Aim of the exercise: In the records below, find the line with "Apartamento de dois" and repeat exactly every line from it through the line with "В Троице-Сергиевской лавре". Pictures stay out.

Records supplied:
──────────────────────────────

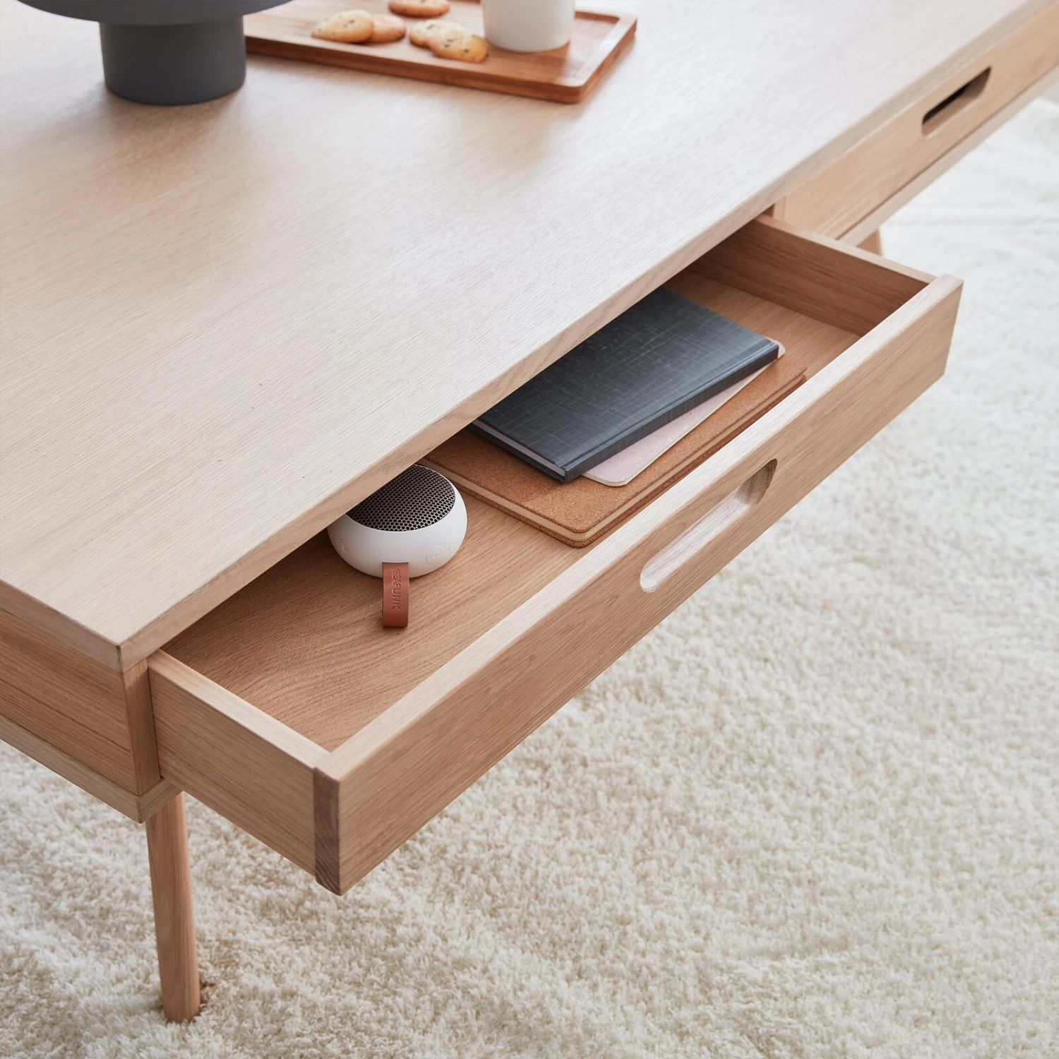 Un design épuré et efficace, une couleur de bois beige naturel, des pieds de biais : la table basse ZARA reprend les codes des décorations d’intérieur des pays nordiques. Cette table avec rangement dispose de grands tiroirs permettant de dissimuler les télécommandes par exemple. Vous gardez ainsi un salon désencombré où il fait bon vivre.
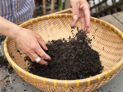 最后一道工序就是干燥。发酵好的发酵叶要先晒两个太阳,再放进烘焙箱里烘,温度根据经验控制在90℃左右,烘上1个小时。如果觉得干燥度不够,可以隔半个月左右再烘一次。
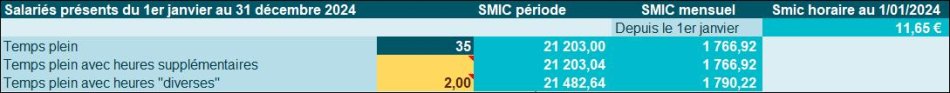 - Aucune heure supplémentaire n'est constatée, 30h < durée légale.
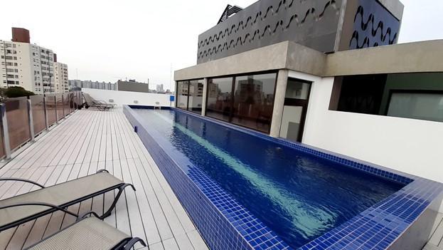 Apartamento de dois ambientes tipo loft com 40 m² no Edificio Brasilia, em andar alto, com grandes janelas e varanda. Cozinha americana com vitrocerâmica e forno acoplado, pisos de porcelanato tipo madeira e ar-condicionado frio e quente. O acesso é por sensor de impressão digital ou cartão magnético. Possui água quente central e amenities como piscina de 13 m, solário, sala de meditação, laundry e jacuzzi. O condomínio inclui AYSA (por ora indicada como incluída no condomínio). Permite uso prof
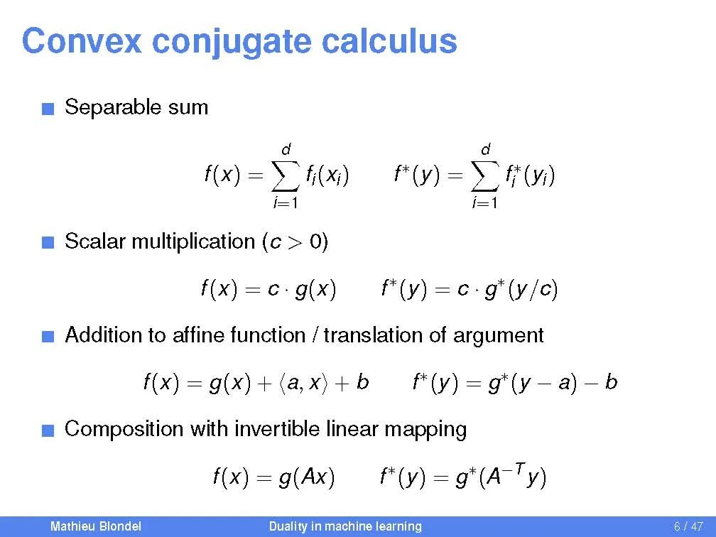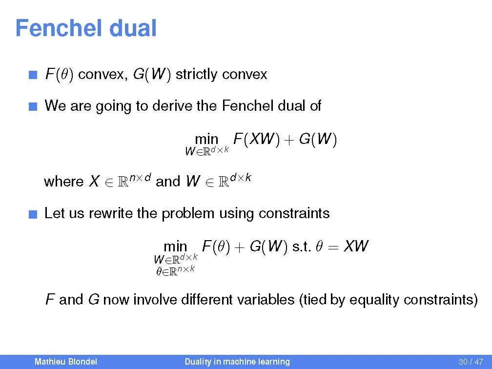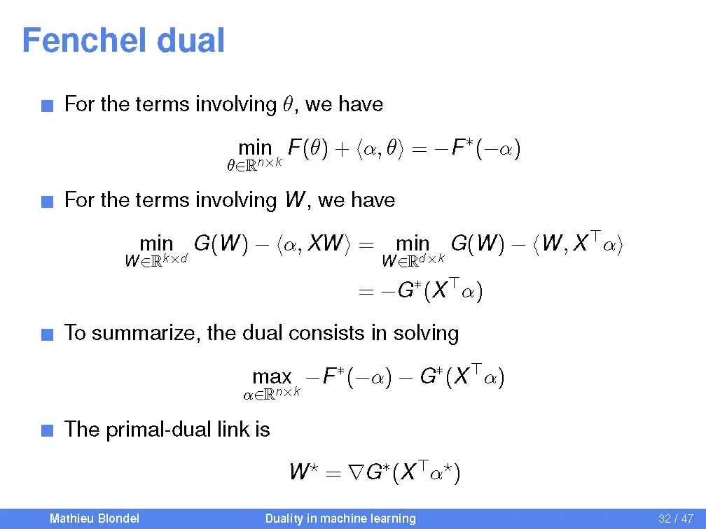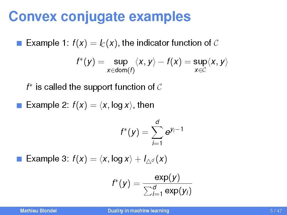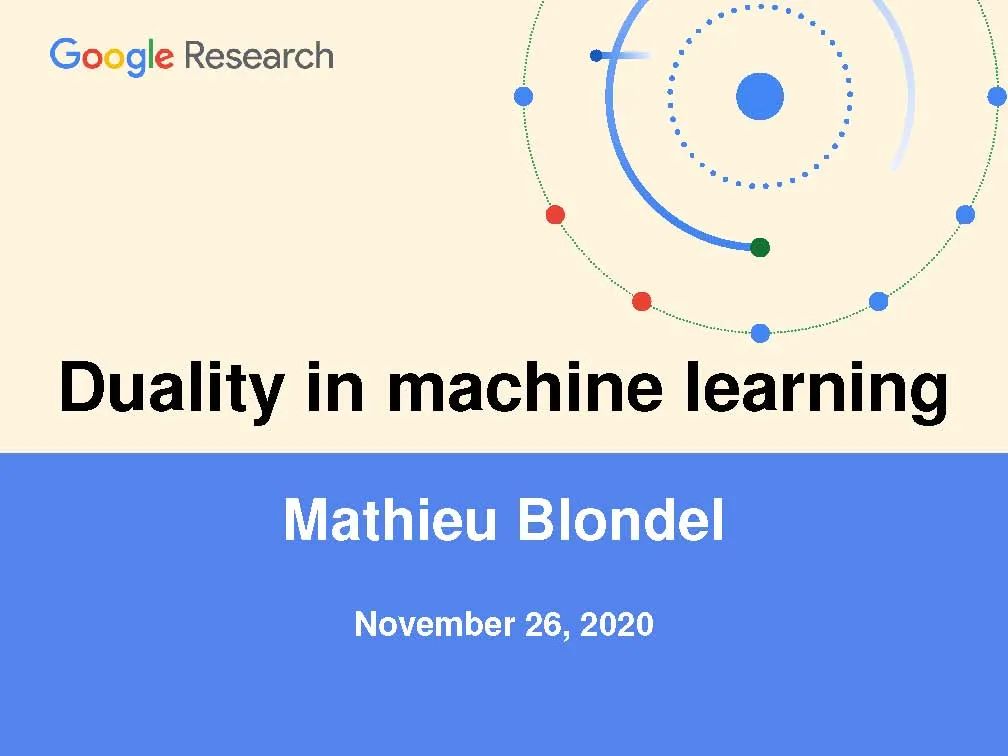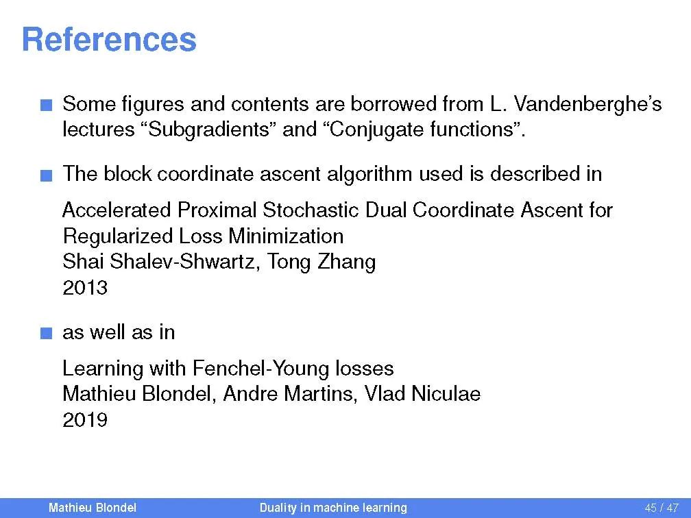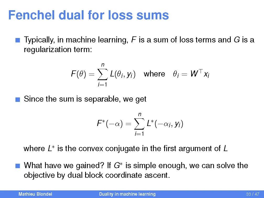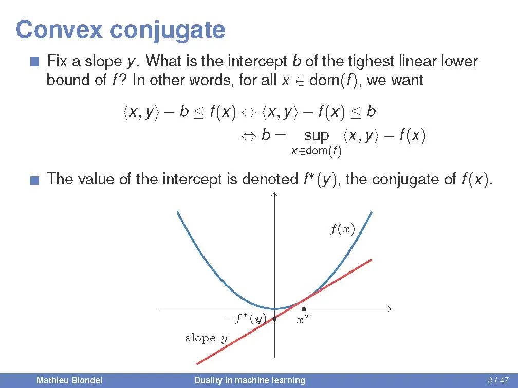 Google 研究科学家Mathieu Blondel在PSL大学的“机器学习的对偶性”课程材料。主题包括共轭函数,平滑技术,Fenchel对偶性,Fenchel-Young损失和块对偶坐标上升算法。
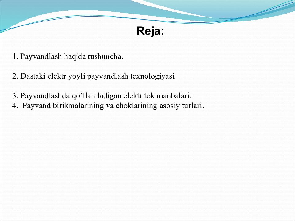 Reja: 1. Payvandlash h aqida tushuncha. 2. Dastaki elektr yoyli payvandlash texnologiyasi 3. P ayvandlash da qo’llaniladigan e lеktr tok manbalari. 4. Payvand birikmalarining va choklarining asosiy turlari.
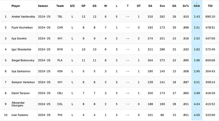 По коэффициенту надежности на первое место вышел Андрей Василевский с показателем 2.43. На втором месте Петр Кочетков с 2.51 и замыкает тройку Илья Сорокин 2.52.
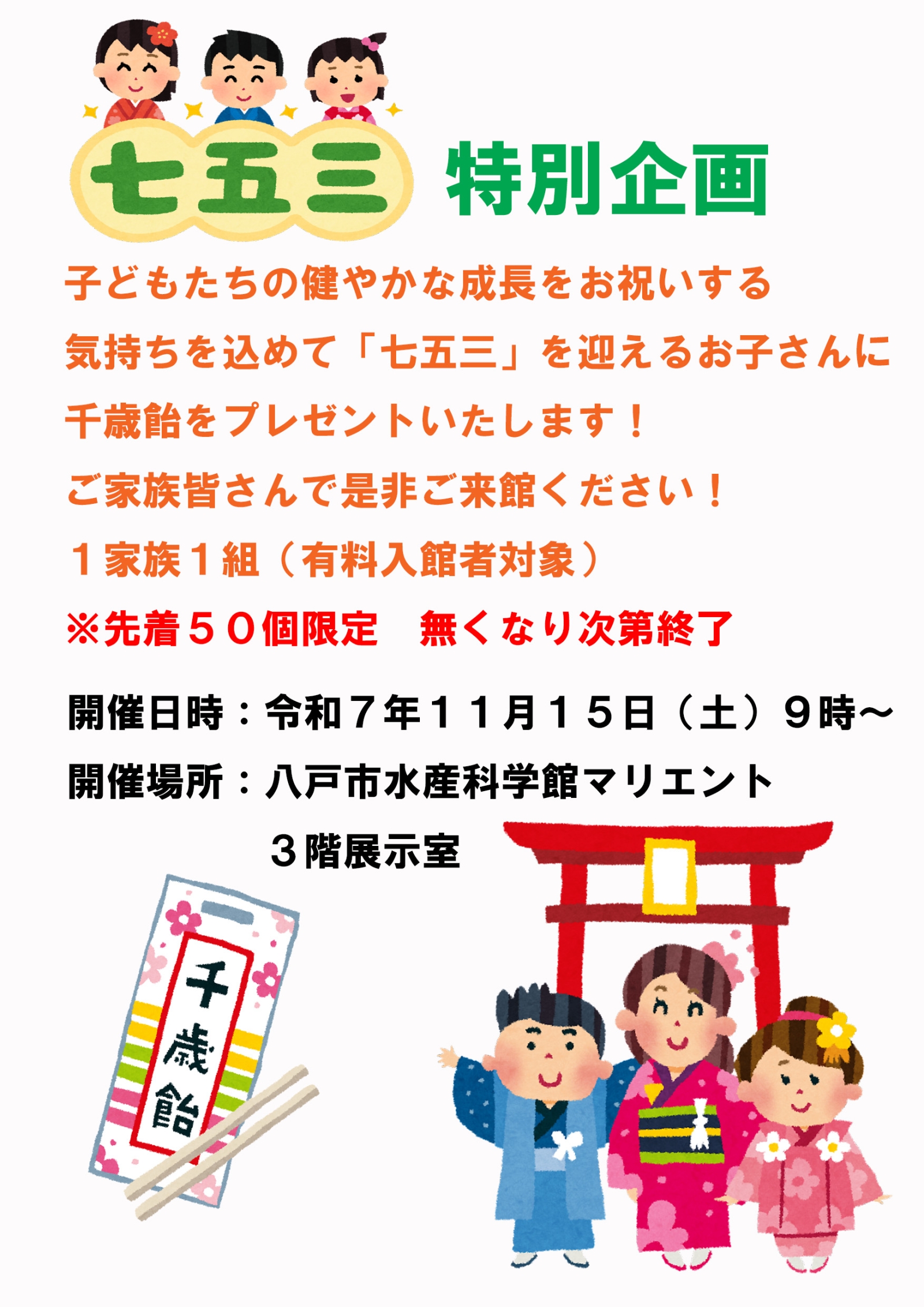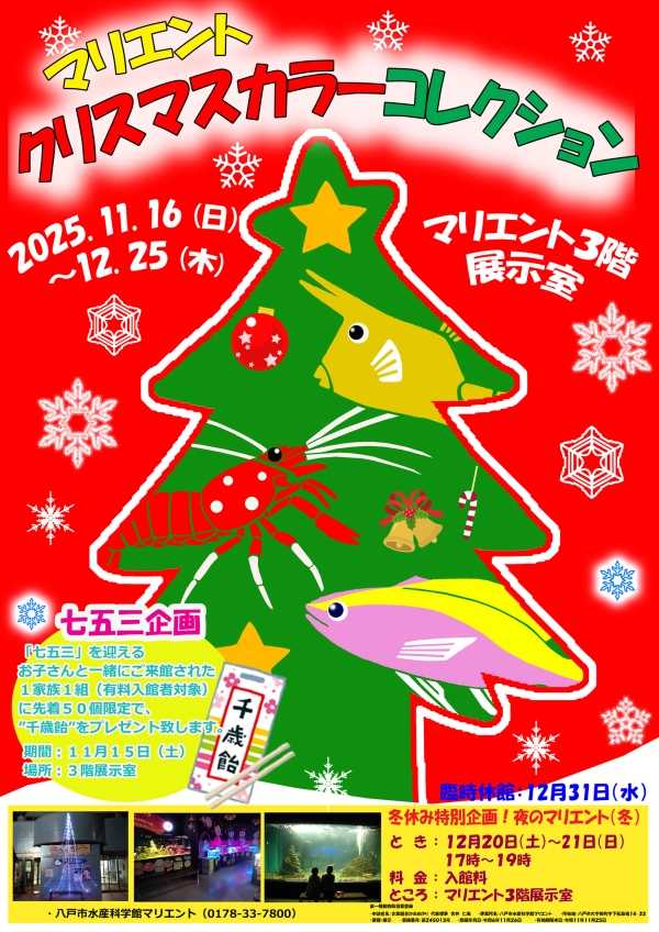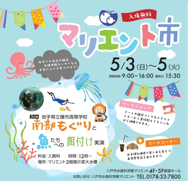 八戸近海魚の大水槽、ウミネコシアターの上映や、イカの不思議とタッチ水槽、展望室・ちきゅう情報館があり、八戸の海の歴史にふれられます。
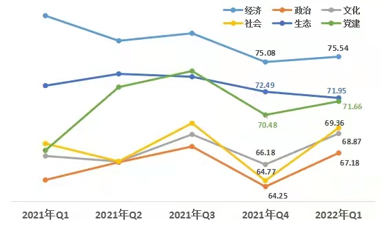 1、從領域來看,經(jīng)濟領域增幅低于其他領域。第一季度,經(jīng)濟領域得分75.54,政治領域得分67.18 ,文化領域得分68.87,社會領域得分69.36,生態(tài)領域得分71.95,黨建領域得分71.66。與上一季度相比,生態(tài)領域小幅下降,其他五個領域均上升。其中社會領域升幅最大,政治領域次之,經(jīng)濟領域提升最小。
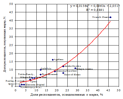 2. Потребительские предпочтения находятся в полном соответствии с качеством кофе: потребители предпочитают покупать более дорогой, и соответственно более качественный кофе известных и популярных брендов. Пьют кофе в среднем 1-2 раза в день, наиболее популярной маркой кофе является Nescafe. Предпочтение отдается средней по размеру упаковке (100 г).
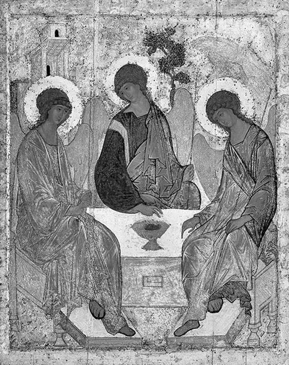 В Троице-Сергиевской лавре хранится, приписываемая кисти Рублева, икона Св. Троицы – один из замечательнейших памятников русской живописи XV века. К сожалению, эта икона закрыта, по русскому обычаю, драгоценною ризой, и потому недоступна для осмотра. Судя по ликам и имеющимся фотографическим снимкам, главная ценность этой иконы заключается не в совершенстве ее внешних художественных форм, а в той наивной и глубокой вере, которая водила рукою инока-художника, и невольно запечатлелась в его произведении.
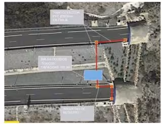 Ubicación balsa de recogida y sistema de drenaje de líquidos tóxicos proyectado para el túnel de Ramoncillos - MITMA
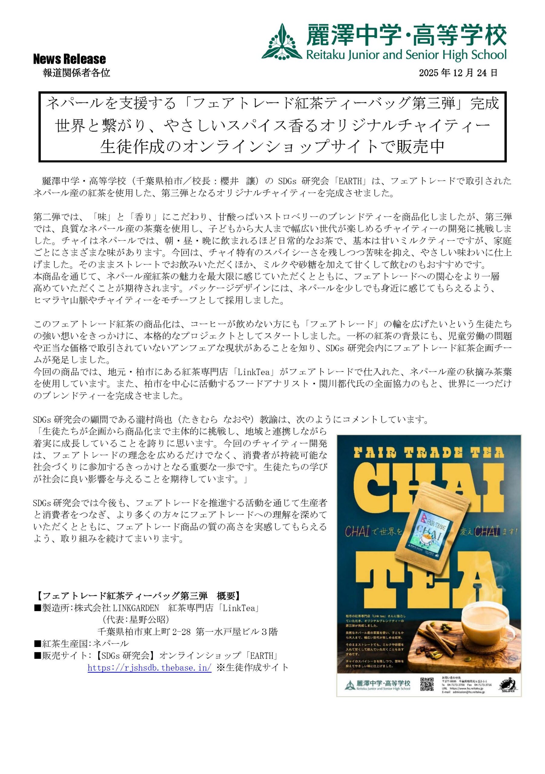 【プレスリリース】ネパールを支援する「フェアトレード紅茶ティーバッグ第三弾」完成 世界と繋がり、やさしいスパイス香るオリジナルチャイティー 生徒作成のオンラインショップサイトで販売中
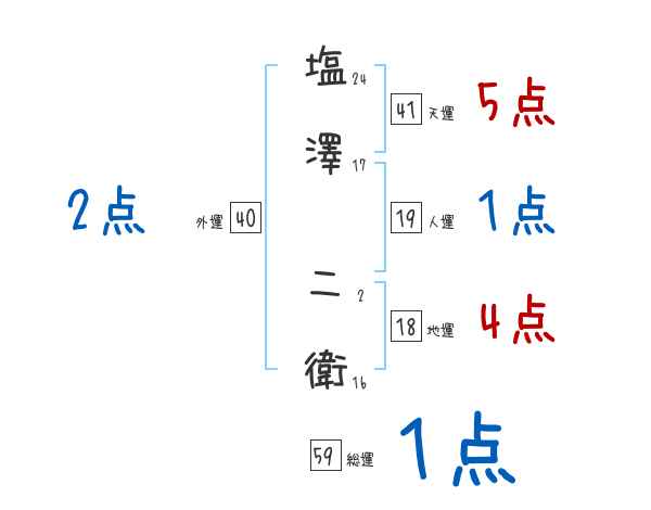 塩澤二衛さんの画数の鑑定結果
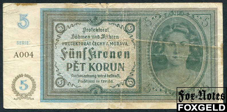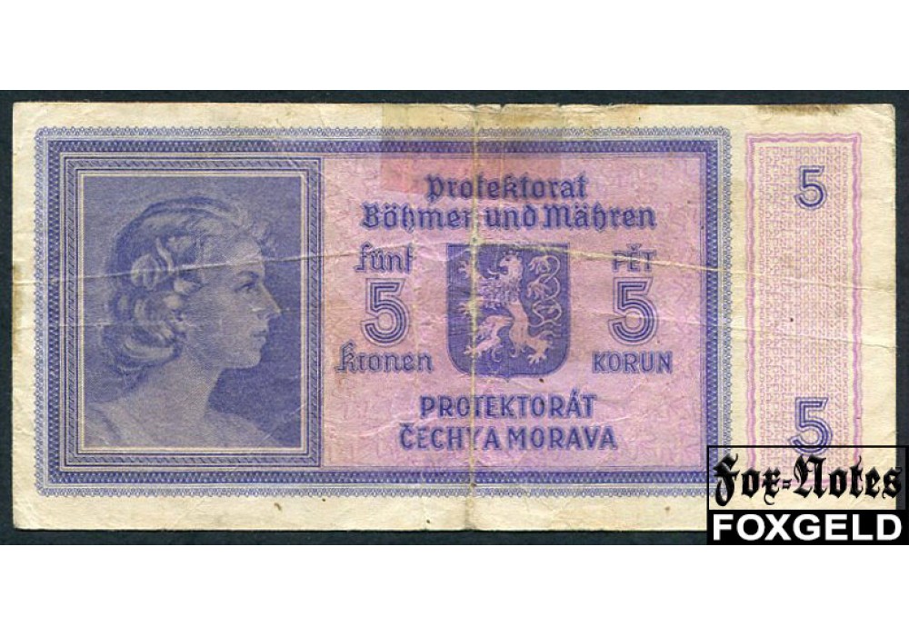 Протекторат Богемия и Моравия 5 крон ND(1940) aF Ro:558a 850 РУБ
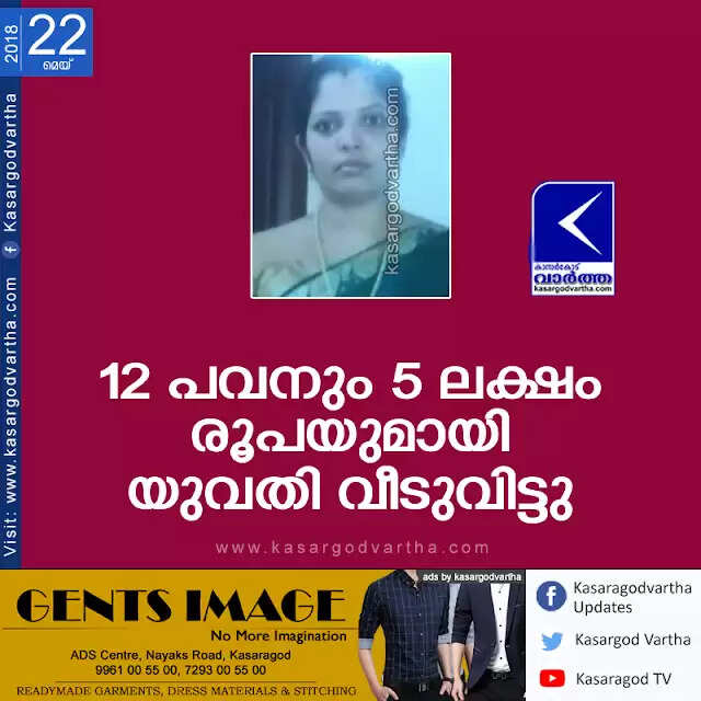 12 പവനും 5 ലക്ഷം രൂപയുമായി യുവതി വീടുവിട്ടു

──────────────────────────────

Reply:
 Apartamento de dois ambientes tipo loft com 40 m² no Edificio Brasilia, em andar alto, com grandes janelas e varanda. Cozinha americana com vitrocerâmica e forno acoplado, pisos de porcelanato tipo madeira e ar-condicionado frio e quente. O acesso é por sensor de impressão digital ou cartão magnético. Possui água quente central e amenities como piscina de 13 m, solário, sala de meditação, laundry e jacuzzi. O condomínio inclui AYSA (por ora indicada como incluída no condomínio). Permite uso prof
 Google 研究科学家Mathieu Blondel在PSL大学的“机器学习的对偶性”课程材料。主题包括共轭函数,平滑技术,Fenchel对偶性,Fenchel-Young损失和块对偶坐标上升算法。
 Reja: 1. Payvandlash h aqida tushuncha. 2. Dastaki elektr yoyli payvandlash texnologiyasi 3. P ayvandlash da qo’llaniladigan e lеktr tok manbalari. 4. Payvand birikmalarining va choklarining asosiy turlari.
 По коэффициенту надежности на первое место вышел Андрей Василевский с показателем 2.43. На втором месте Петр Кочетков с 2.51 и замыкает тройку Илья Сорокин 2.52.
 八戸近海魚の大水槽、ウミネコシアターの上映や、イカの不思議とタッチ水槽、展望室・ちきゅう情報館があり、八戸の海の歴史にふれられます。
 1、從領域來看,經(jīng)濟領域增幅低于其他領域。第一季度,經(jīng)濟領域得分75.54,政治領域得分67.18 ,文化領域得分68.87,社會領域得分69.36,生態(tài)領域得分71.95,黨建領域得分71.66。與上一季度相比,生態(tài)領域小幅下降,其他五個領域均上升。其中社會領域升幅最大,政治領域次之,經(jīng)濟領域提升最小。
 2. Потребительские предпочтения находятся в полном соответствии с качеством кофе: потребители предпочитают покупать более дорогой, и соответственно более качественный кофе известных и популярных брендов. Пьют кофе в среднем 1-2 раза в день, наиболее популярной маркой кофе является Nescafe. Предпочтение отдается средней по размеру упаковке (100 г).
 В Троице-Сергиевской лавре хранится, приписываемая кисти Рублева, икона Св. Троицы – один из замечательнейших памятников русской живописи XV века. К сожалению, эта икона закрыта, по русскому обычаю, драгоценною ризой, и потому недоступна для осмотра. Судя по ликам и имеющимся фотографическим снимкам, главная ценность этой иконы заключается не в совершенстве ее внешних художественных форм, а в той наивной и глубокой вере, которая водила рукою инока-художника, и невольно запечатлелась в его произведении.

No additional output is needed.